Elementary

The dbt-native data observability CLI that turns your existing dbt tests and metadata into anomaly detection, lineage graphs, and Slack/Teams alerts — no separate platform required.

2.4Kstars
221forks
Apache License 2.0
HTML

Elementary is the open-source CLI half of a dbt-native data observability stack: it reads the metadata, test results, and run artifacts that the companion Elementary dbt package writes into your warehouse, then turns that raw telemetry into anomaly alerts, a data quality dashboard, and lineage graphs — without shipping your data to a third-party service. Built by Elementary, a company backed by Y Combinator (W23), the project has grown into one of the most widely adopted tools in the dbt ecosystem, with over 2,300 GitHub stars and dozens of releases shipped every year.

Under the hood, the edr CLI (a Click-based entry point defined in elementary/cli/cli.py) wraps a dbt runner abstraction that can invoke dbt via subprocess, the dbt Fusion engine, or a programmatic API, letting it slot into almost any existing dbt project without changing how teams already run dbt. Anomaly detection, freshness checks, and volume/schema monitors are implemented as native dbt tests and macros in the sibling dbt-data-reliability package, so quality rules live in version-controlled dbt code instead of a separate rules engine; the CLI then fetches those results, builds a static HTML report, and routes failures to Slack or Microsoft Teams through dedicated alert integrations.

Elementary intentionally keeps the CLI and dbt package fully open under Apache-2.0 — there is no license check, feature flag, or paywall anywhere in this repository — while offering a separate hosted product, Elementary Cloud, for teams that want managed ML-based anomaly detection, column-level lineage from ingestion to BI, and AI agents layered on the same open data model. That makes it a rare data-observability tool where the self-hosted path is a genuine first-class product rather than a crippled trial of the commercial one.

What You Get

  • The edr CLI (installable via pip install elementary-data) with monitor, report, send-report, and run-operation commands
  • Native dbt anomaly-detection tests and freshness/volume/schema monitors defined as macros in the companion dbt-data-reliability package
  • A self-contained static HTML data quality report and dashboard generated straight from your warehouse’s elementary schema
  • Built-in Slack and Microsoft Teams alert integrations with owner tagging and configurable routing
  • End-to-end lineage graphs enriched with the latest test-result status for root-cause and impact analysis
  • Support for a dozen-plus warehouse/query-engine targets out of the box (Snowflake, BigQuery, Redshift, Databricks, Postgres, Spark, Trino, ClickHouse, DuckDB, and more) via optional pip extras

Common Use Cases

  • Catching silent data quality regressions (row-count drops, schema drift, stale tables) before they reach dashboards or ML models
  • Adding anomaly-detection tests directly into an existing dbt project’s CI/CD without adopting a separate SaaS platform
  • Alerting on-call data engineers in Slack or Teams the moment a dbt test fails or a source stops refreshing
  • Generating a shareable data quality report for stakeholders after each dbt run
  • Tracing the blast radius of a broken upstream model through lineage before it reaches downstream BI tools

Under The Hood

Architecture The edr CLI, built with Click, dispatches into command groups for monitoring, reporting, and running dbt operations, all wired through a central DataMonitoring orchestrator that first spins up an internal dbt runner, fetches the latest dbt invocation metadata, and checks compatibility against the companion dbt package version before doing any work. From there it delegates to a layered pipeline: dedicated fetcher classes pull test results, model runs, source freshness, and lineage data that a sibling dbt package has already written into the warehouse’s elementary schema via its own macros, and that data flows onward into alert builders with pluggable Slack and Teams integrations and into a static HTML report renderer. The result is a clean separation between data collection (owned by the dbt package) and observability logic (owned by this CLI), connected entirely through warehouse tables rather than a live service.
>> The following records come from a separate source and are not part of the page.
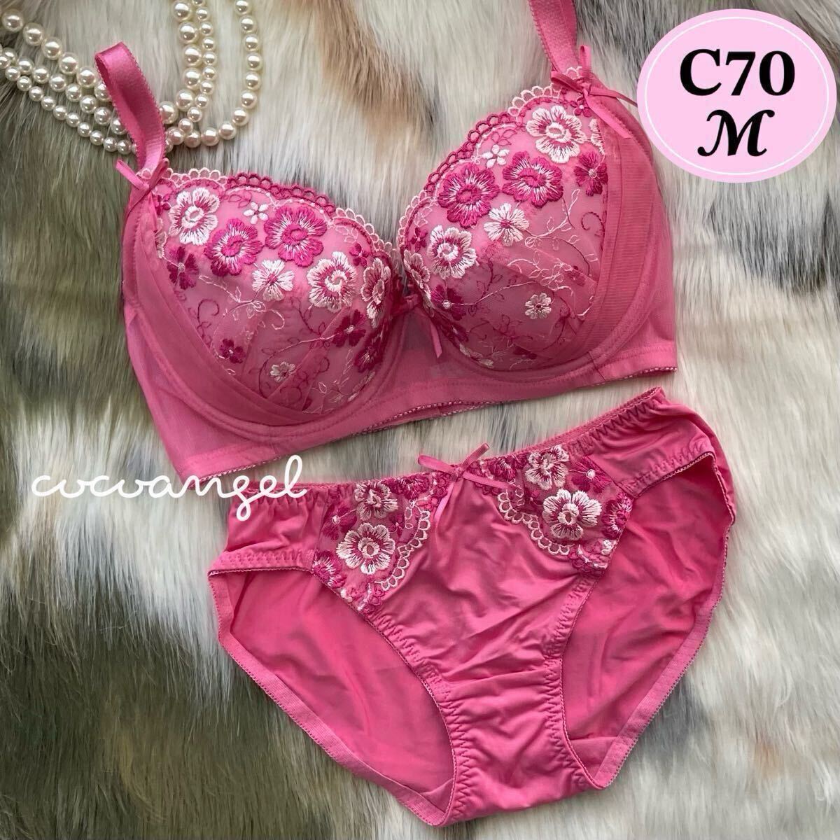 > ラスト【C70M 濃ピンク】新品 ブラジャーショーツ Cカップ パッドなし かわいいパンティ 花柄刺しゅう 寄せ上げブラ 美バスト 谷間メイク
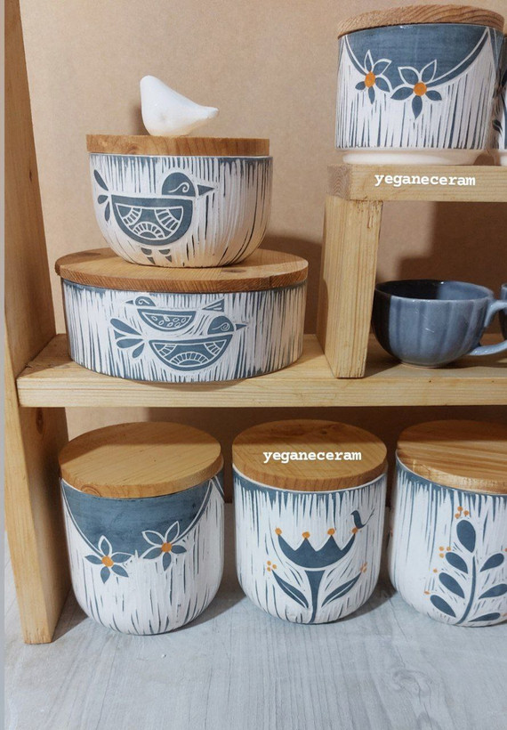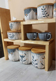 استند چوبی پازلی و ست پاسماوری و جا ادویه سرامیکی طرح اسگرافیتو خاکستری جهیزیه طبق عکس
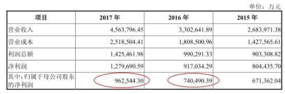 中廣核電力2018年6月19日?qǐng)?bào)送的招股書(shū)顯示,2016年、2017年歸屬于母公司股東的凈利潤(rùn)分別為74.05億元、96.25億元。

Tech Stack This is a modern Python package targeting current interpreter versions, built and published with Poetry, and designed to sit on top of the dbt-core ecosystem rather than replace any part of it — it ships as a thin, warehouse-agnostic layer with optional extras for each supported adapter so users only install the warehouse driver they need. Rather than talking to warehouses directly, it drives dbt itself through an abstraction that can execute commands via subprocess, an in-process API, or the newer dbt Fusion engine, which future-proofs it against changes in how dbt is invoked. Alerting is handled through purpose-built SDKs for Slack and Microsoft Teams, artifact persistence is supported against major cloud object stores, and anonymized usage telemetry is collected to inform the roadmap; the whole project is packaged for both PyPI distribution and containerized deployment, with continuous integration exercising it against every supported warehouse.
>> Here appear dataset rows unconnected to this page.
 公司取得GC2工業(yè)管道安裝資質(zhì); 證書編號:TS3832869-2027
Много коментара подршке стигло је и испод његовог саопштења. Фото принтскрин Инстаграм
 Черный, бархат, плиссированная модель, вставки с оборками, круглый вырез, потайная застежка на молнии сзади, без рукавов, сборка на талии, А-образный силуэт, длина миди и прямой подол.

Code Quality The project maintains an extensive, multi-layered test suite spanning unit, integration, and full end-to-end dbt-project tests, with continuous integration explicitly re-running the suite against each supported warehouse rather than relying on a single reference database. Error handling is deliberate rather than an afterthought: a custom exception hierarchy distinguishes configuration errors from dbt command failures, and exceptions carry structured context for telemetry instead of being silently swallowed. Type hints are used consistently throughout the codebase and enforced through static type checking and linting in continuous integration, though inline comments and docstrings are comparatively sparse, with the code instead leaning on descriptive naming and type annotations to stay self-explanatory.

What Makes It Unique Elementary’s core idea is putting data quality checks where the data pipeline already lives — as native dbt tests and macros — rather than as rules configured in a separate observability UI, which means quality logic gets code review, version control, and CI treatment for free. It pairs that with lineage that is enriched by live test-result status, so impact analysis and root-cause tracing use the same signal as alerting, and it draws an unusually clean line between a genuinely complete open-source core and a commercial cloud tier that adds managed machine-learning monitoring and enterprise-scale lineage on top, rather than holding back core functionality. The underlying anomaly-detection techniques themselves are fairly standard statistical approaches rather than groundbreaking research, so the innovation is more about packaging and openness than about novel algorithms.

Self-Hosting

Licensing Model The CLI and its companion dbt package are both licensed under Apache-2.0, a permissive open-source license with no field-of-use restrictions. There is no dual-licensing, no source-available clause, and no license file carve-out limiting commercial use.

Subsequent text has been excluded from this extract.